People who believe in the paranormal have higher levels of a chemical called dopamine in their brains than those who don’t, a Swiss study has found. Dopamine is a neurotransmitter associated with pleasure and addiction, and high levels of it are also associated with people who perceive patterns where none exist and find coincidences significant. Peter Brugger, a neurologist at the University Hospital of Zurich, carried out the study, which included giving dopamine to 20 self-confessed believers in the paranormal, and also to 20 sceptics. The drug went some way toward altering the sceptics’ views.
A Serbian man has been found to have four kidneys after his first-ever visit to a doctor. 58- year-old Milisav Stojanovic is tremendously proud of his four kidneys, and drinks up to 10 litres of fluid a day.

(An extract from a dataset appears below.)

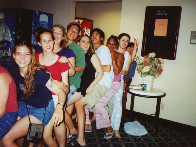 We're acting goofy in the hotel lobby and decided to "make it fit".

He wouldn’t consider selling the extra organs, although he would consider giving them to a friend or relative.
A man who has received 11,000 phone calls, all intended for the Guinness Book of Records , may be included in the publication’s next edition. Barry Maunder of Twickenham, UK, has a phone number just one digit different to that of the Guinness Book of Records . And, making things worse, phone books in Japan, USA, Colombia and the UK have mistakenly listed his phone number instead of Guinness. Maunder averages six wrong numbers a day, with a high of 20 in nine hours.
A third-generation Sony Ericsson mobile phone, featuring a digital camera, personal organiser and email ability—not forgetting conversation ability—is demonstrated at the Singapore Expo Centre. The exhibition showcases the latest products in communications and information technology. —AP/AAP
Sources: www—ananova.com; telegraph.co.uk; thesun.co.uk; canada.com; thenewsmexico.com; phoneshui.co.uk; newscientist.com; swissinfo.org
The following appeared in the S IGNS 100 years ago.
( S IGNS was then known as the Bible Echo and Signs of the Times .) A London cable reports: “The Railway Committee of the House of Lords has approved of the scheme of running a monorail system from Manchester to Liverpool.” The monorail system is thus referred to by the London correspondent of a New York paper: “The scheme is similar to one displayed . . . at the Chicago World’s Fair, the cars hanging, trolly fashion, from a rail overhead.
Experiments made in Brussels proved the stability of the line and the ease of the system. The promoters claim to be able to run it at 110 miles an hour.”
Extract from Signs of the Times, October 2002.